Exclude every picture. Output verbatim the lines from the one containing "Senator Roger Marshall" to the end of the data.
### DATA FOR THIS EXERCISE
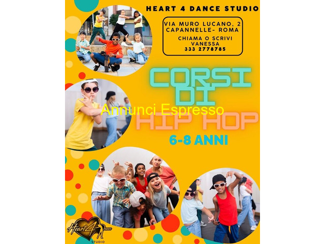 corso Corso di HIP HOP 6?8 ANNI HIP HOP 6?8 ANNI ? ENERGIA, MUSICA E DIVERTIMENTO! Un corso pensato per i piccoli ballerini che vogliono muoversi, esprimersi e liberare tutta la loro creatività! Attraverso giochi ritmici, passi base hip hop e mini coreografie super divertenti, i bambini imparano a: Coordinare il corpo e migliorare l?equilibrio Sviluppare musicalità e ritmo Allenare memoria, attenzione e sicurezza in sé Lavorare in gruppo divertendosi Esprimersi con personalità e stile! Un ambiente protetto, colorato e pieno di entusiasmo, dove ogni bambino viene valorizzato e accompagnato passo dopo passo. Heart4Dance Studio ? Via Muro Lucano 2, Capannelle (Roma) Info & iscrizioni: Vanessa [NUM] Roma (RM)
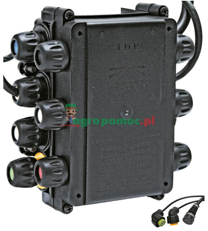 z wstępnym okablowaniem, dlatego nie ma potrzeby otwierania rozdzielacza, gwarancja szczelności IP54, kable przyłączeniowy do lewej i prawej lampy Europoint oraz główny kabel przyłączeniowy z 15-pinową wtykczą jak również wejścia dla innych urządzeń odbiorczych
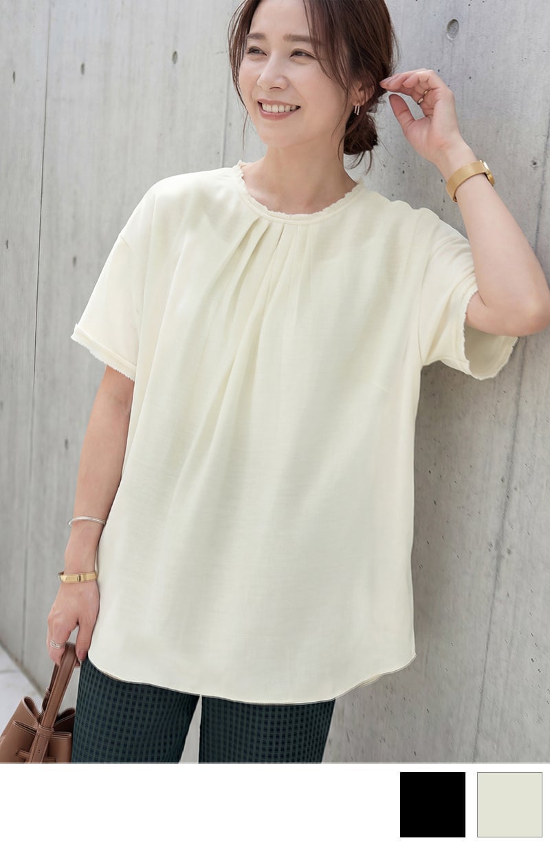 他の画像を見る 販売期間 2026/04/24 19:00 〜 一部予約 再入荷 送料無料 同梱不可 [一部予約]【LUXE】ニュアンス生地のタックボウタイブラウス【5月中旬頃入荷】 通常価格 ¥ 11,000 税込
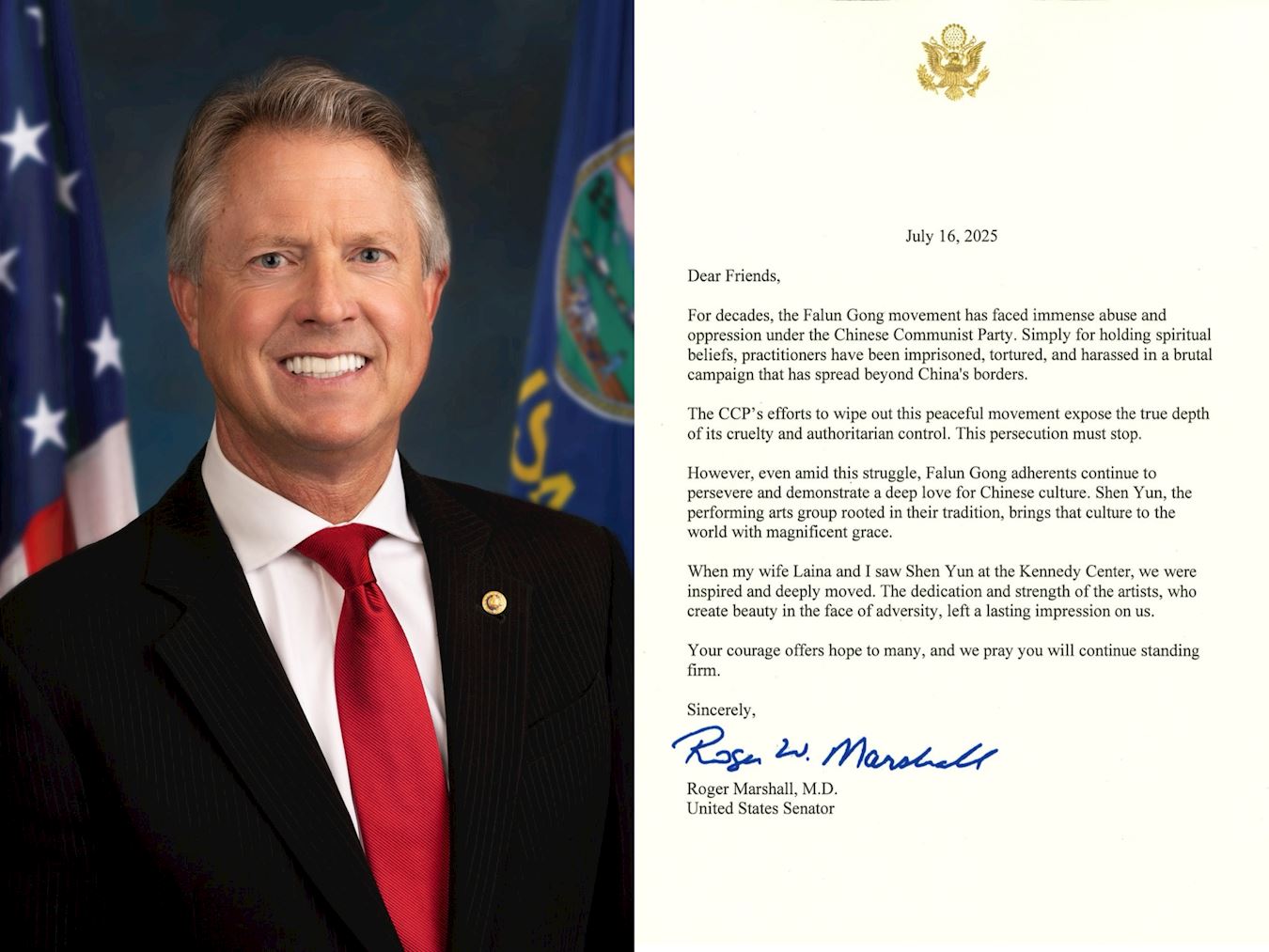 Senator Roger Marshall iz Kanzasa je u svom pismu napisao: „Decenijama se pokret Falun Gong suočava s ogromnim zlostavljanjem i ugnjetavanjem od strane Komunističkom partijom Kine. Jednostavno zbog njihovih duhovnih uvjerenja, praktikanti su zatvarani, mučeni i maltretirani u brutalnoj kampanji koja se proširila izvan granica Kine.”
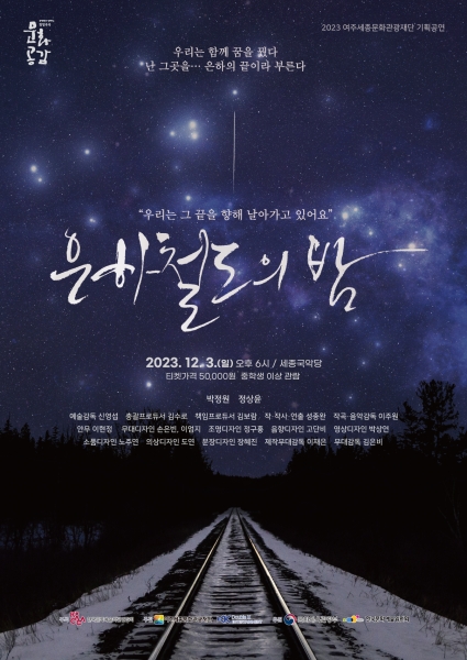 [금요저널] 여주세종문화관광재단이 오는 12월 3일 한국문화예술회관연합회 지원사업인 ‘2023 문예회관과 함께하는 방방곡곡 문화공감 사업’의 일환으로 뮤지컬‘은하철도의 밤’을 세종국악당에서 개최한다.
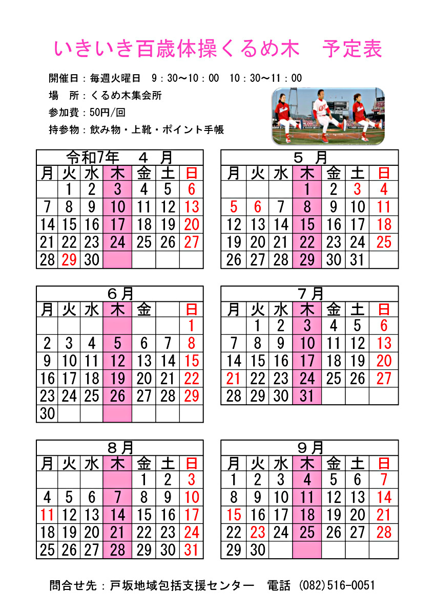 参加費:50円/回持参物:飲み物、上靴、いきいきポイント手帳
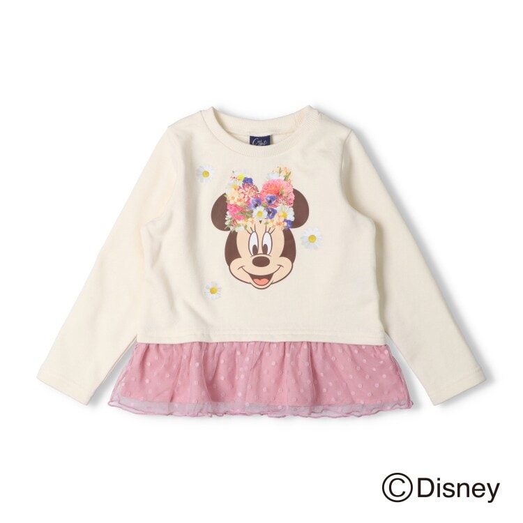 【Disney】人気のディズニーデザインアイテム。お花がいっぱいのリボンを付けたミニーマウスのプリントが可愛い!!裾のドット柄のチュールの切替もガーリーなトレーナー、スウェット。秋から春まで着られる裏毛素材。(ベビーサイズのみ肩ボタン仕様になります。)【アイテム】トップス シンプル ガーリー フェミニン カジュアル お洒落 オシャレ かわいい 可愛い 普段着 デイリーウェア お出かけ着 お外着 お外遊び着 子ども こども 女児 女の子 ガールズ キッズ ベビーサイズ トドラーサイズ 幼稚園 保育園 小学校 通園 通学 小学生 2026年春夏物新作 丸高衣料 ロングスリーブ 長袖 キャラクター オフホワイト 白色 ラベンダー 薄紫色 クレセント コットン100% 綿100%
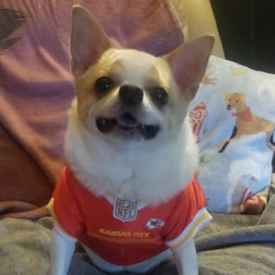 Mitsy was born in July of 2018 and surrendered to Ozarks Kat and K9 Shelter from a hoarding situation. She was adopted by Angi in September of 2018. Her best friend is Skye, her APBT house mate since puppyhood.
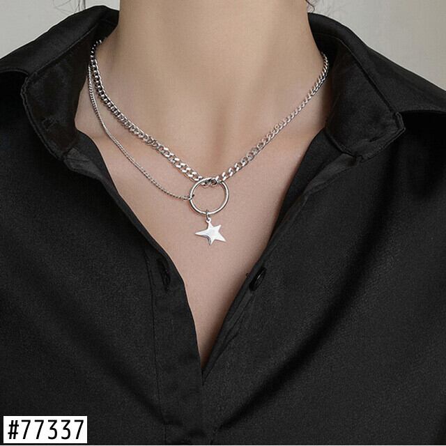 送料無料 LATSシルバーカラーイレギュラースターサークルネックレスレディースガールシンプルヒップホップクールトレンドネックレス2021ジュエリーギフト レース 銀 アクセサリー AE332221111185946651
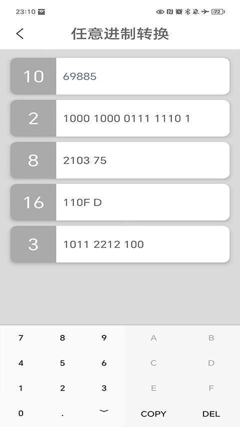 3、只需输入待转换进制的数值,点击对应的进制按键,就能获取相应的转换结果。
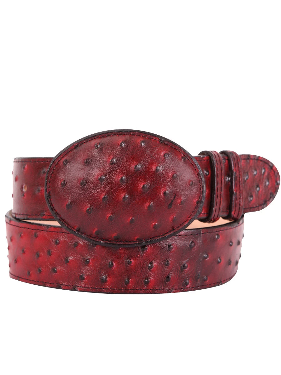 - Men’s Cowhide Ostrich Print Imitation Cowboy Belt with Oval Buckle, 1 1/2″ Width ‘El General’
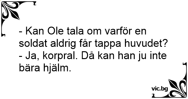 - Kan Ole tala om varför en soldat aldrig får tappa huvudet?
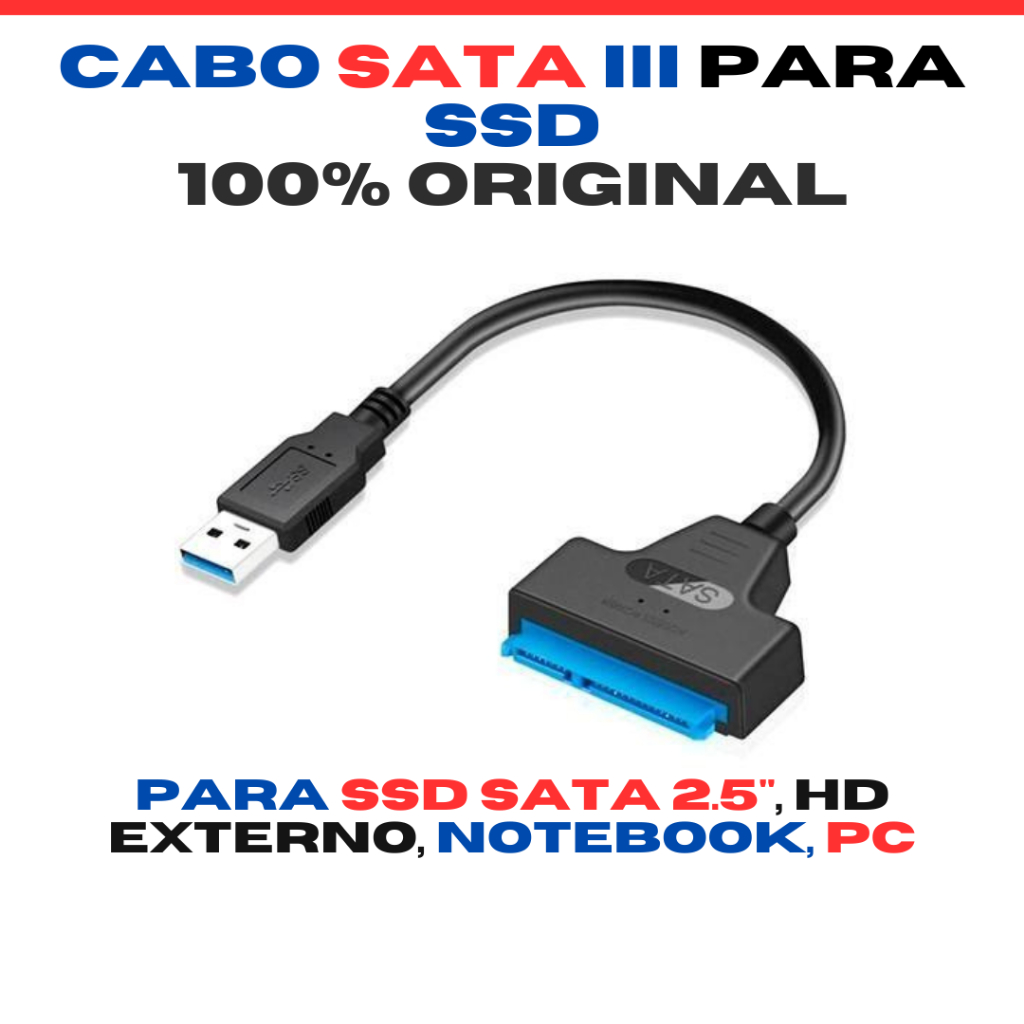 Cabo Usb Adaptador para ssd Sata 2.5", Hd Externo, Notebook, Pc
######
_WRITTEN ANSWER_
 Senator Roger Marshall iz Kanzasa je u svom pismu napisao: „Decenijama se pokret Falun Gong suočava s ogromnim zlostavljanjem i ugnjetavanjem od strane Komunističkom partijom Kine. Jednostavno zbog njihovih duhovnih uvjerenja, praktikanti su zatvarani, mučeni i maltretirani u brutalnoj kampanji koja se proširila izvan granica Kine.”
 [금요저널] 여주세종문화관광재단이 오는 12월 3일 한국문화예술회관연합회 지원사업인 ‘2023 문예회관과 함께하는 방방곡곡 문화공감 사업’의 일환으로 뮤지컬‘은하철도의 밤’을 세종국악당에서 개최한다.
 参加費:50円/回持参物:飲み物、上靴、いきいきポイント手帳
 【Disney】人気のディズニーデザインアイテム。お花がいっぱいのリボンを付けたミニーマウスのプリントが可愛い!!裾のドット柄のチュールの切替もガーリーなトレーナー、スウェット。秋から春まで着られる裏毛素材。(ベビーサイズのみ肩ボタン仕様になります。)【アイテム】トップス シンプル ガーリー フェミニン カジュアル お洒落 オシャレ かわいい 可愛い 普段着 デイリーウェア お出かけ着 お外着 お外遊び着 子ども こども 女児 女の子 ガールズ キッズ ベビーサイズ トドラーサイズ 幼稚園 保育園 小学校 通園 通学 小学生 2026年春夏物新作 丸高衣料 ロングスリーブ 長袖 キャラクター オフホワイト 白色 ラベンダー 薄紫色 クレセント コットン100% 綿100%
 Mitsy was born in July of 2018 and surrendered to Ozarks Kat and K9 Shelter from a hoarding situation. She was adopted by Angi in September of 2018. Her best friend is Skye, her APBT house mate since puppyhood.
 送料無料 LATSシルバーカラーイレギュラースターサークルネックレスレディースガールシンプルヒップホップクールトレンドネックレス2021ジュエリーギフト レース 銀 アクセサリー AE332221111185946651
 3、只需输入待转换进制的数值,点击对应的进制按键,就能获取相应的转换结果。
 - Men’s Cowhide Ostrich Print Imitation Cowboy Belt with Oval Buckle, 1 1/2″ Width ‘El General’
 - Kan Ole tala om varför en soldat aldrig får tappa huvudet?
 Cabo Usb Adaptador para ssd Sata 2.5", Hd Externo, Notebook, Pc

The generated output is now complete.